Friday, October 14, 2011

I have often felt lucky to be my age, because as the last of the War Babies, I am young enough to adopt to new technology while old enough to appreciate life BC (before computers).
I started with a 7k paperback book-size laptop (before laptops got a name) from Radio Shack, supplied by my daily newspaper so I could write town and county council stories and file them by licking and sticking a suction cup on my rotary phone (landline) receiver instead of dictating - which involved a whole pit of problems with homonyms and mishearings and misunderstandings. I remember doubling the memory to 14k so I could write two stories on it. Then I went hog wild and bought a Tandy 1000 from Radio Shack, which inexplicably lost its strong market lead in the PC game soon after this model. 

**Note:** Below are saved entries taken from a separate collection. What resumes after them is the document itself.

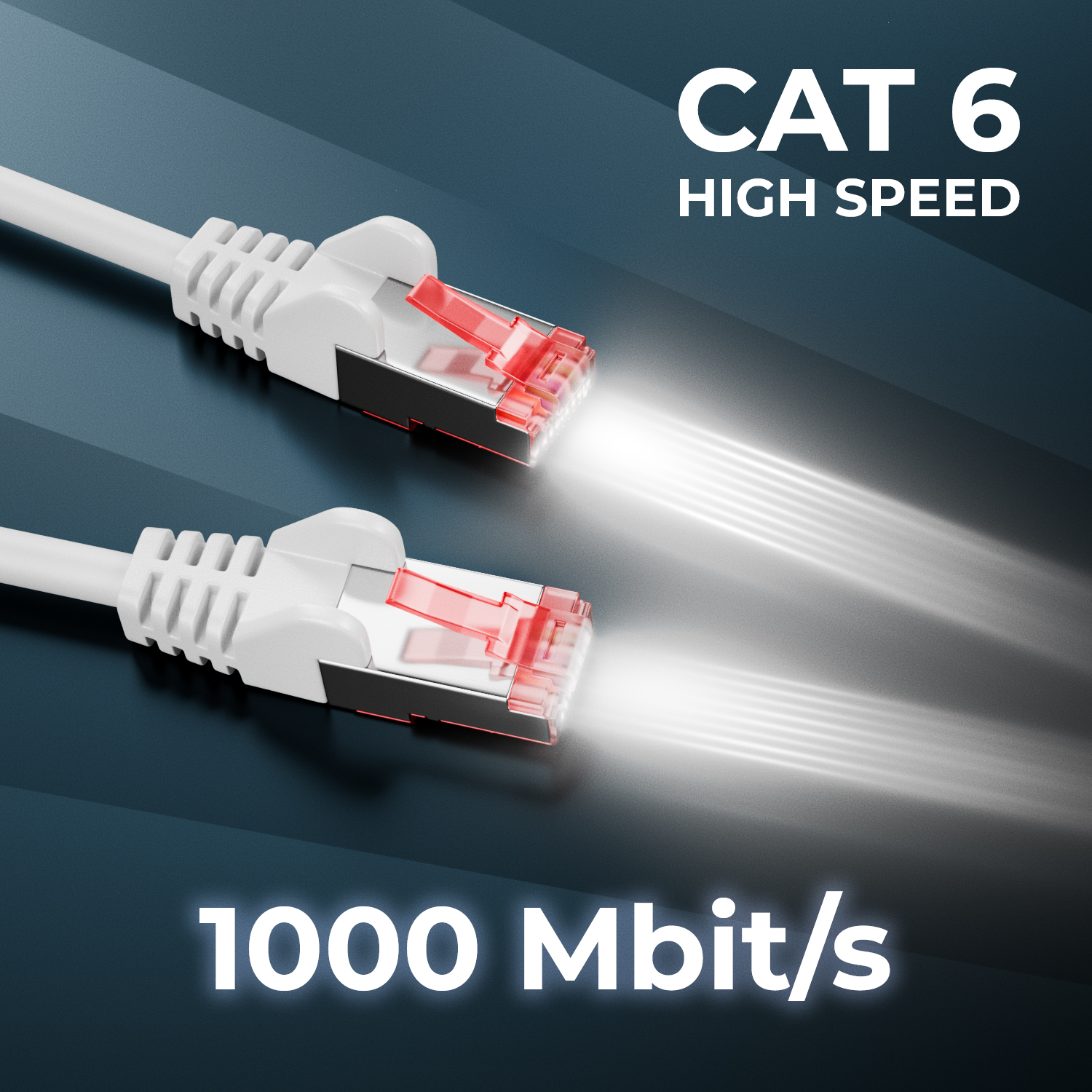 deleyCON CAT-6 Netzwerkkabel sind für maximale Übertragungsgeschwindigkeiten konzipiert. (Gigabit LAN 10/100/1000 Mbit). Anschlüsse: 2x genormte RJ45 Netzwerk-Stecker.
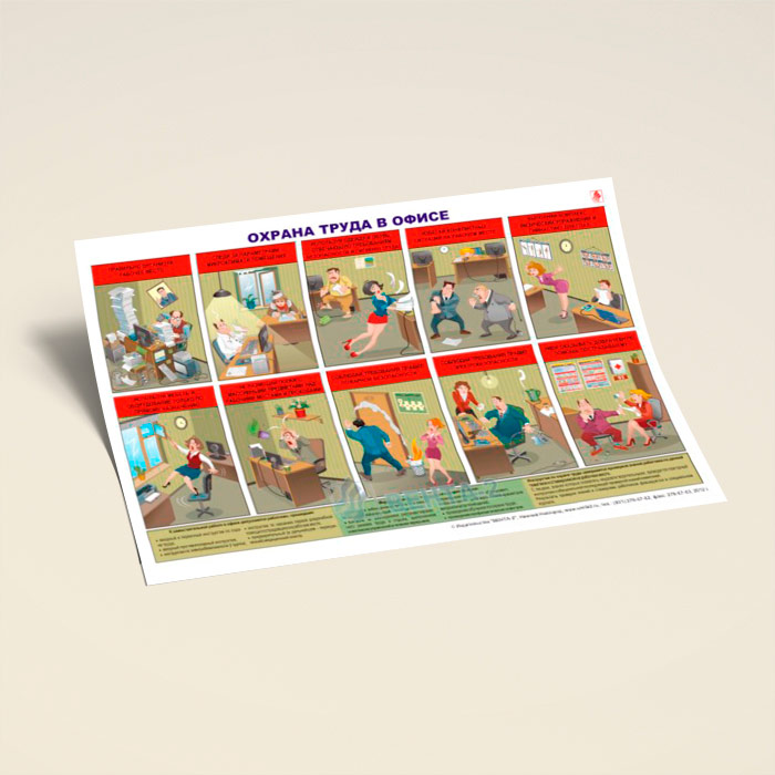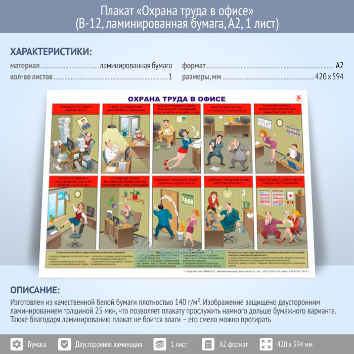 Плакат «Охрана труда в офисе» (В-12, ламинированная бумага, А2, 1 лист) в Бердске купить
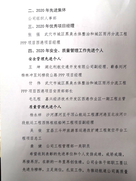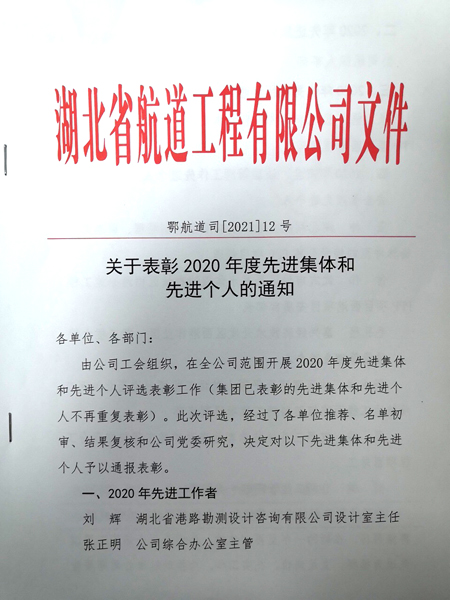关于表彰2020年度先进集体和先进个人的通知
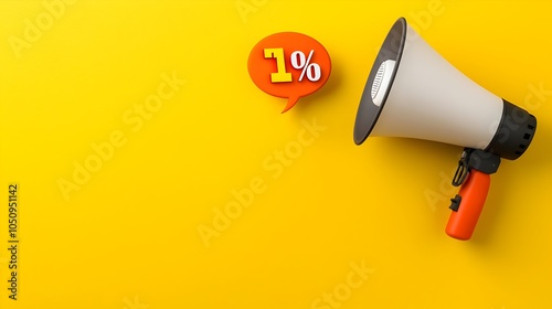 Striking 3D megaphone and speech bubble with a vibrant percentage symbol floating effortlessly on a solid yellow background This image is perfect for use in advertising marketing and sales campaigns

As part of the leading edge of the PC revolution, I launched my sons on paths to high nerdy skills, but didn't stay current enough to keep up myself. A child of the build-it-to-last generation, I refused to buy a new computer every 6 months and thus got woefully behind the dazzling innovations, so when I did upgrade, it was a whole new learning experience--and not usually a pleasant one.
Even with all the help from my sons and employers, I experienced extreme frustration and cursed each new generation as I tried to untangle its nerdy inner workings.
This cartoon brings home a story I did in the high plains desert of Colorado, the extreme eastern corner (next stop: Nebraska), where the mountains can't yet be seen. A report on the police scanner (I was the police reporter for a daily) stated that county deputies has discovered several computers in the ditch on County Road XX--murdered by multiple shotgun blasts.
I so understood the rapagenous impulse that led to the computercides. While I fully acknowledge the advances computers have bequeathed to society, I lament the loss of locomotion as young (and old) children endanger their health sitting at them for uncountable hours as well as the absence of imagination and wild fancy in young children fed every thought and impulse by business-based media cartoons.
And I would not be surprised if someday we all agree the best way to welcome the computer revolution may have been with shotguns.